The first study was published in the New England Journal of Medicine. This looked at giving 2 cycles of neoadjuvant nivolumab (Opdivo) for patients from stage I to stage III disease. That study is proof of concept and showed that the major pathologic response rate was 45%. Major pathologic response is an endpoint that we haven't used commonly in thoracic oncology. One of the reasons this was chosen as an endpoint is that pathological complete responses (pCRs) are really uncommon in lung cancer—at about 4% to 5%. Major pathologic response rate may then be a better endpoint; this hasn't been a validated endpoint for regulatory approvals yet. It's helpful in the sense that it's something we can get early, and it may eventually be a platform for drug development and combination therapies in the neoadjuvant space.
We have seen several other studies looking at neoadjuvant checkpoint blockade. The first was the Lung Cancer Mutation Consortium study, which looked at neoadjuvant and adjuvant atezolizumab (Tecentriq). Some of the key findings were a subset of patients actually had disease progression before going to surgery; several others had disease progression or unresectable at the time of surgery. In total, [the majority of] patients were able to undergo surgical resection. Those tended to be patients with stage I/II disease; they all ultimately had resection.
Finally, we saw one other study of single-agent nivolumab versus nivolumab plus ipilimumab (Yervoy) as induction therapy. This was a study out of The University of Texas MD Anderson Cancer Center. Likewise, it showed that the combination of nivolumab and ipilimumab resulted in a slightly higher major pathologic response rate.

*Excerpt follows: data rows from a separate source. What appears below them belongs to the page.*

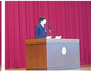
修了証授与及び代表生徒所感発表 各クラスの代表生徒に修了証を授与しました。また、各学年2名の代表生徒が、今年度を振り返り来年度にける意気込みを堂々と発表しました。(2年)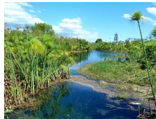
A máis grande colonia europea de papiro. Beiras do río Ciane, Siracusa.

http://commons.wikimedia.org/wiki/File:Fuellfederhalter.jpg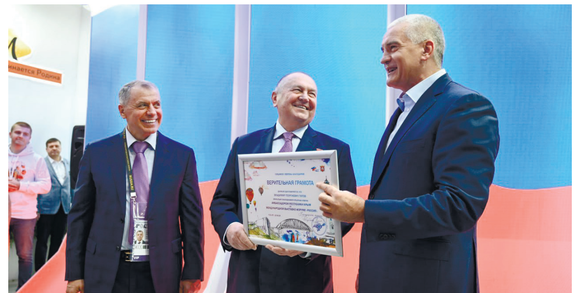
Сергей Аксёнов и Владимир Константинов вручили верительную грамоту амбассадору, почётному представителю республики, лётчику-космонавту Владимиру Титову.

Так что крымчане и в заснеженной Москве принимают тепло и душевно.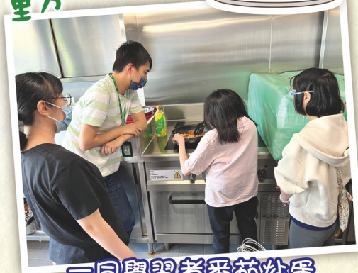
一同學習煮番茄炒蛋

中心現時每兩星期舉辦週五休閒活動，以滿足學員社交和康樂的需要，學員可根據自己的興趣參與玩樂環節，務求在日間訓練以外也有休息玩樂時間，導師們也很有創意安排不同的休閒活動，學員均樂在其中。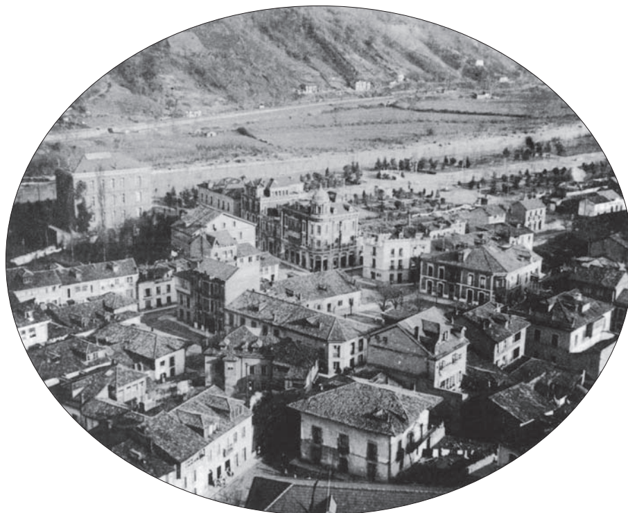
FIG. 5. Vista parcial de Sama en 1910, con el arbolado joven del parque Dorado y la vega sin urbanizar aún, a la derecha del río Nalón.

las condiciones de los transportes mantenían demasiado lejos a Langreo de la capital regional y de Gijón. Esa minoría dominante controlaba el Ayuntamiento y, a través de él, procuró organizar los espacios urbanos conforme a unos modelos geométricos, los de los ensanches decimonónicos, propiciadores de una ordenación del territorio después desdeñada, cuando aquélla abandona el espacio minero para residir en Gijón y Oviedo, o incluso fuera de la región.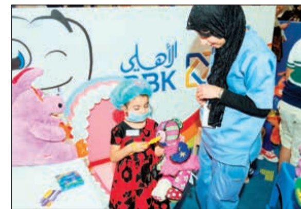
جانب من تفاعل الأطفال مع متطوعي الحملة

محاكاة العلاج ومتطلباته على «دب صغير» ويكون مختلف التخصصات وتعزيز دورهم من خلال مشاركتهم في نشاطات مجتمعية هادفة، ما يسهم بدوره في توسيع آفاق فهمهم لمهنة الطبيب وما تتطلب هذه الرسالة النبيلة من تعاطف ومعرفة ليصبح برنامج «مستشفى تيدي بير» للأطفال فرصة إطلاق العنان لمخيلات الأطفال واستخدامها لوصف المرض أو الإصابة التي يعاني منها «دب صغير»، والتعرف على محيط المستشفى في بيئة مرحبة تثقيفية، وذلك تحت إشراف مجموعة من المتطوعين من مركز العلوم الصحية التابع لجامعة الكويت.

What may be a better path forward based on those 3 studies is the combination of chemotherapy and immunotherapy. In the metastatic setting, we know that produces much higher response rates. In the potentially curative setting, it's going to be important to produce the highest response rates possible in order to downstage patients and ensure that they all eventually have resection. In a series of 2 relatively small studies, we are seeing much higher pathologic response rates with chemotherapy/immunotherapy combinations in the range of 60% to 80%. Moving forward, there are multiple prospective, randomized studies looking at these combinations.

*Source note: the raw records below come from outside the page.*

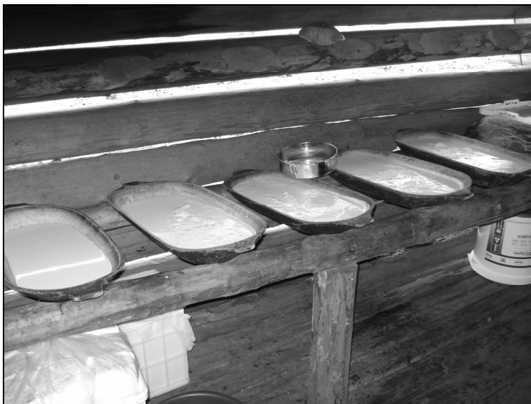
4. Lapte pus la smântănit în celarul stâniei Puru, Masivul Șureanu; iunie 2009.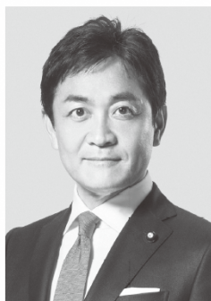
国民民主党 代表 玉木雄一郎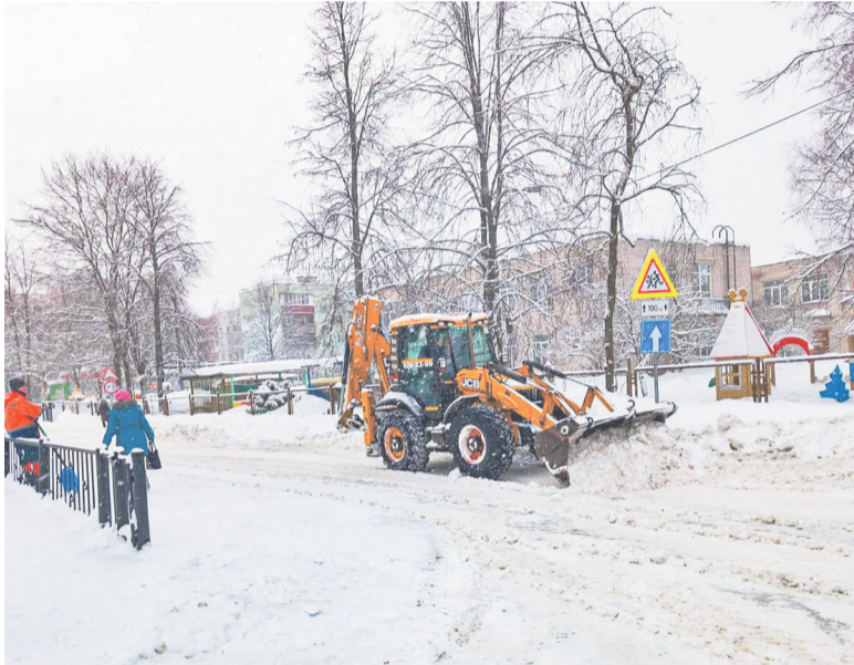
Вид на Церковь Усекновения главы Иоанна Предтечи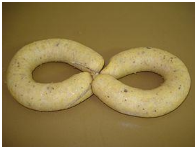
Slika 15. Bijele krvavice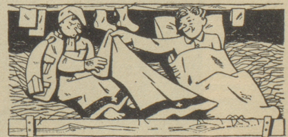
„Du chasch e Decki vo mir ha, ich ha warm gnueg i mym Schlafspätz.“ „So eine wott i dän au!“ „Da bruchsch nu a de Spätz z'schrybe.“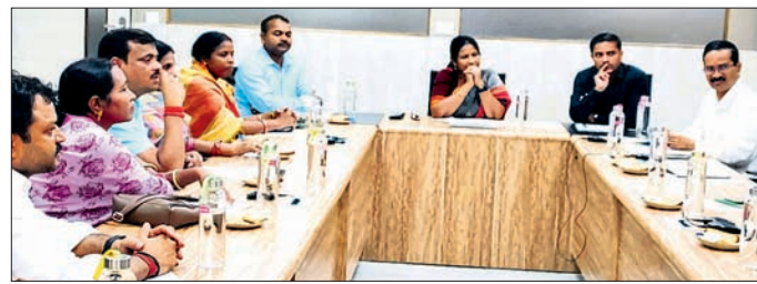
ବୈଠକରେ ମେୟର ଓ କମିଶନରଙ୍କ ସହ ଅନ୍ୟ ଅଧିକାରୀ।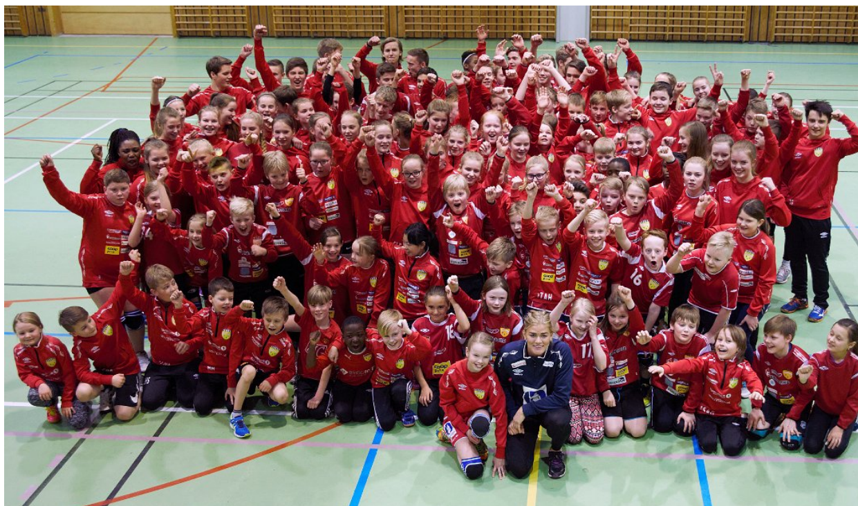
Sørreisa IL

Rapporten poengterer at satsningen må fremgå av kommunestyrets planstrategi og være tydelig i kommuneplanens samfunnsdel. Videre må de enkelte del- og sektorplaner videreføre satsningsområdene til et mer operativt nivå i tjenesteytingen.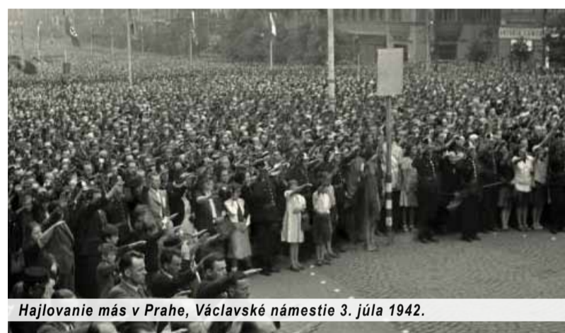
Hajlovanie más v Prahe, Václavské námestie 3. júla 1942.

Pretrieť minulosť jednou farbou znamená, že už si neprečítame, čo tam bolo v skutočnosti napísané.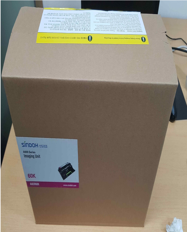
신도 A608 정품드럼 (1EA)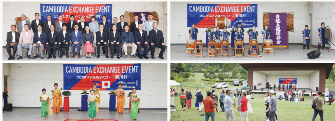
【主催】特定非営利活動法人 在日カンボジアコミュニティ / (株)コジマホールディングス 【協力】 小島組カンボジア 【後援】 清川村 / 愛川町 / 厚木市 【お問い合わせ先】 小島組・海外事業部 TEL 046-221-4545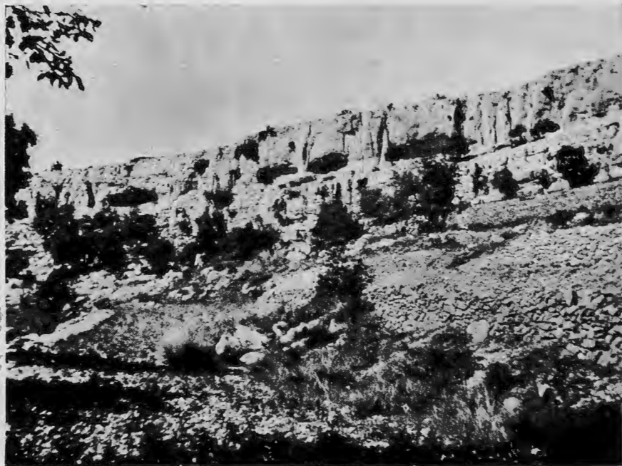
Làmina II.—Vista més propera de la mola de Remigia amb les coves +

What is an exciting area of ongoing research in the lung cancer research field?
The neoadjuvant space is also an important area for another platform to conduct translational research. It's not just that we can ensure patients are getting therapy before surgery. It can be a robust platform for looking at biomarkers of response because you're giving a pretreatment biopsy; at the end you're getting a resection where you can actually do much more with the tissue. That's an area where we haven't seen a lot of data from translational work, but it is something that I look forward to seeing in the next couple of years.

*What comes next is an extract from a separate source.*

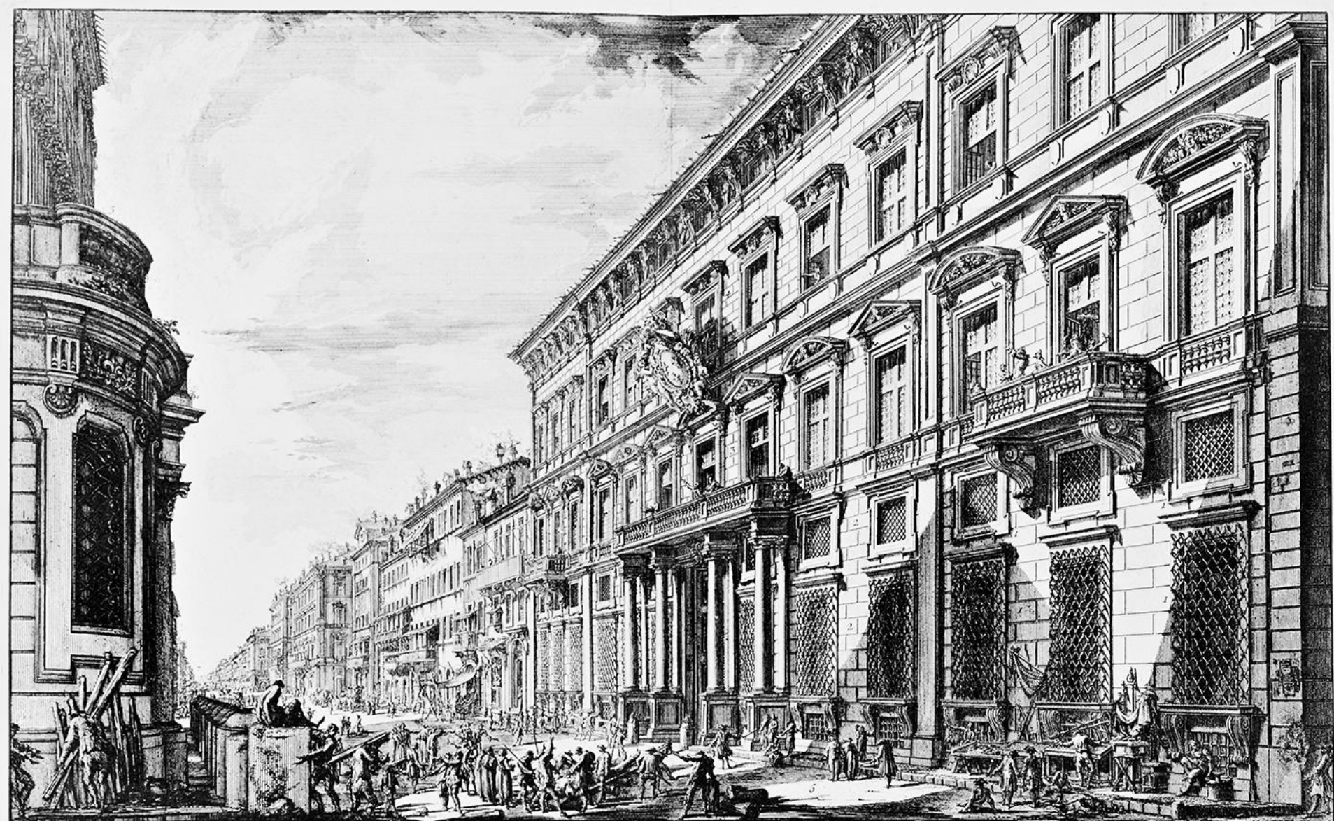
VEDUTA nella Via del Corso, DEL PALAZZO DELL'ACCADEMIA eretta da LUIGI XIV. RE DI FRANCIA per i Nationali Francesi studiosi della Pittura, Scultura e Architettura, colla liberal permissione al Pubblico di erigersi in tali arti per il comodo della esposizione quotidiana del Nudo e dei Modelli delle più rare Statue ed altri segni della Romana Magnificenza, si antichi, che moderni. 1. Stanze ove sono esposti i modelli della Colonna Trajana, Statue Equestre e Trojani, Busti, e Balzambien. 2. Stanze per l'esposizione del Nudo. 3. Appartamento Regio ornato parimenti di Modelli. 4. Appartamento del Signor Direttore. 5. Palazzo Paufly. 6. Via del Corso. 7. Porta del Popolo.

Disegnata da G. B. Piranesi. Incisa da G. G. B. Piranesi.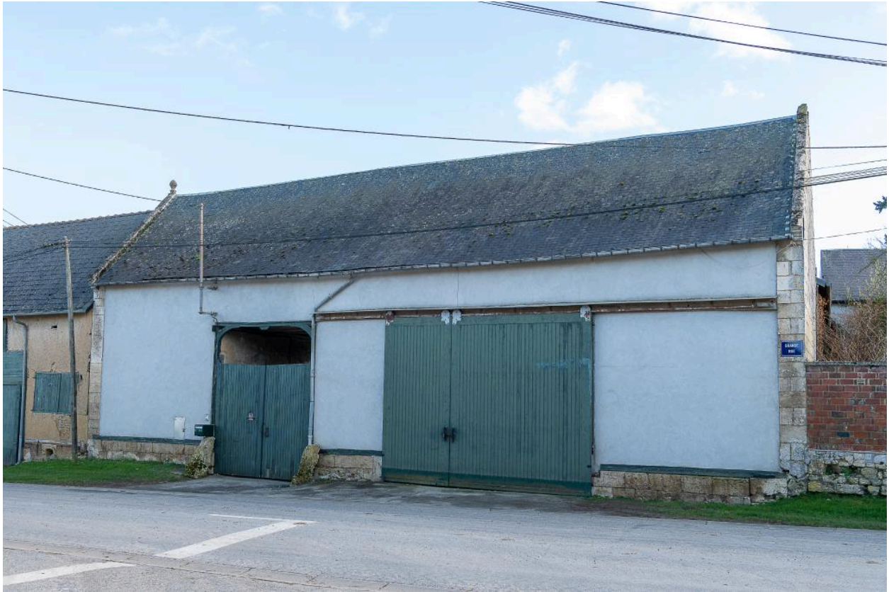
Grange sur rue avec entrée charretière, n°33 Grande Rue, vue depuis le nord.

What is your advice for those who are treating patients with stage III lung cancer?
My greatest piece of advice is that it requires a multidisciplinary approached care. Stage III disease is so heterogenous. It requires multimodality therapy and it requires collaboration among medical oncologists, pulmonologists, radiation oncologists, and surgeons. In our center at Massachusetts General Hospital, these patients are seen together in a multidisciplinary clinic. Commonly, I'm seeing a patient with my colleagues all together in the same room. It is a complicated disease entity and these patients derive a great deal of benefit from that multidisciplinary care.